I have been searching forums and googling about my issue for the last few days with out any favorable leads, kindly clarify my doubts…

I had sequenced my samples using Illumina MiSeq platform for V3 paired ends. All samples belong to a single population. I need to compare my population with other populations that were previously studied, so, I went on to SRA and downloaded the required data. But the problem is all of them are V4 single end reads.

So, if I had to compare these two data-sets, whether I had to analyse them separately and compare just the results, or Is there a way to merge these 2 data-sets and analyse simultaneously?

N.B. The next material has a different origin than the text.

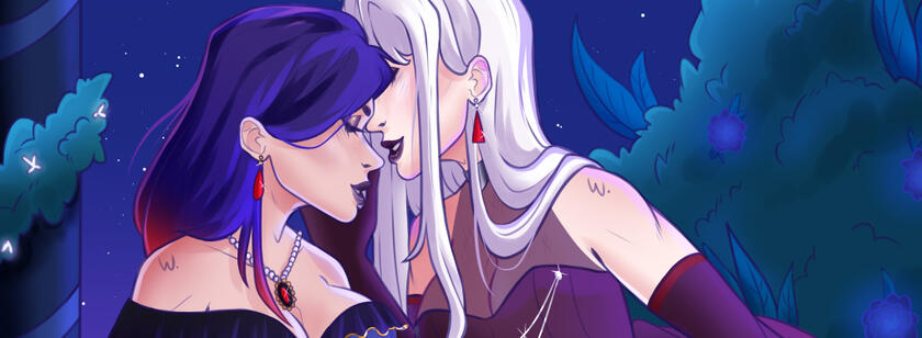 Especially so, because Emilia had made it crystal clear that she was not done with her just yet — by way of tightening her grip on Elise’s hip with one hand while the other sought the heat between her legs anew.Elise felt the other’s fingers re-enter her yet again, soothing the fire within her and stoking the flames all at once. She could have easily moved away, being on top of Emilia, and yet she lingered despite her own words. She knew Emilia took note of this too, because her eyes lit up like amber held to the sun — a sight that made Elise’s breath hitch in the back of her throat.Just as her lips parted to say something however, Emilia hushed her softly. “You have been such a good girl, why stop now? Let me take care of you, one more time. Come here,” she said, giving Elise’s hip a downward tug. Elise didn’t need to be told twice, lowering herself onto her partner until their bodies lay flush together.Both hands brushed up along Emilia’s chest, shoulders and neck, until they found the soft skin of her cheeks. She caressed Emilia’s face as their eyes remained locked and Emilia’s fingers curled, drawing a breathy moan from the dancer.Elise dipped down and found Emilia’s lips with her own, then. The kiss was softer than the others they had shared that night, as if to drive home the point that, yes, Elise did want Emilia to take care of her one last time. She wanted to be left more than just satisfied, because she never knew when they would see each other again or if they even would.A thought surfaced; Emilia could easily find another lover during her trips. Someone more stable, who didn’t have to leave her for work like Elise did. Maybe even someone who could travel with her. Elise deepened the kiss they still held, her tongue pressing at lips, teeth, and tongue as well, a moan swallowed from the back of her throat.Her hands tangled with indigo hair now, fingers intertwining with locks before giving them a light tug. She didn’t have to tell Emilia to reciprocate — she already was, from the way she matched Elise’s fervent kissing to the way her hand angled itself to better allow fingers to slip in and out of her, all the while the soft base of her thumb gave some much needed attention to her clit.Elise only drew away from her lover’s lips to catch her breath, then buried her face in Emilia’s neck, kissing that instead. She nipped briefly at the skin, then bit down hard enough to bruise, yet not enough so to draw blood.Emilia panted against the pressure of Elise’s mouth. The hand of hers that had been keeping Elise in place against herself by her hip, it moved upwards to stroke down the dancer’s back, leaving red lines in the wake of her nails by her spine. She didn’t ask Elise what the sudden change in mood had been about, and in a way Elise was relieved that she didn’t.She just wasn’t ready to let Emilia know just how much she missed her when she was gone, nor how much she loved their time spent together. Loved her, even, as she had recently come to realize.Emilia’s fingers curled again and Elise’s brows knitted together. Her exhaustion almost entirely forgotten about at this point, Elise’s hips rolled in smooth motions over Emilia’s own — the movements only momentarily broken up by slight jerks when Emilia’s fingers began to settle into a faster rhythm.Another bite sank into Emilia’s neck, the other side this time. “Harder,” Elise’s voice had a slight tremor to it. When Emilia met her request and then some, Elise’s nails dug into her shoulders and her teeth released her neck all the while hips grinded downwards in a near desperate manner.And before she knew it, she was already climaxing, causing Elise’s entire body to shake and tense up. Moans filled the air, hungry, greedy, though some softer breaths were kissed into Emilia’s neck and earlobe in between them.Emilia only slowed to a stop when Elise’s muscles began to relax, releasing the iron hold she had on her. Emilia sank into the mattress, then, allowing Elise a few moments to catch her breath while arms enveloped her softly. The bliss of the moment was everything Elise could have wanted, right then — her head rested gently atop her partner’s chest, listening to the heavy thumping within and wondering why it never really slowed down.No words were needed, as it often went. Simply existing for a while in each other’s company was more than enough.A single kiss pressed to the inside of a breast, Elise’s eyes fluttering closed. She didn’t even register how Emilia turned them both over on their sides, eventually, cradling the dancer’s head against her collar as they both drifted off.Her secret remained safe another night, despite the way her heartbeat only slowed into a normal rhythm once she found sleep.

I tried merging them using “Make.group” and “Merge.files”, but I got no output sequences after “align.seqs”. So, I analysed the two data sets separately till OTU classification. At this stage, both sets vary widely in OTU Ids. Is there a way to replace these OTU Ids and give some common Id in both the files, so that I can merge both the tables. Or shall I analyse separately…?

Sorry, there’s a problem in jargon here. Are you sequencing the V4 region with the V3 chemistry or are you sequencing the V3 region?

If you are trying to compare the V3 and V4 regions, it will be pretty hard to make a comparison between the regions. You could try to classify them, but different regions classify differently and the primers each have their own biases.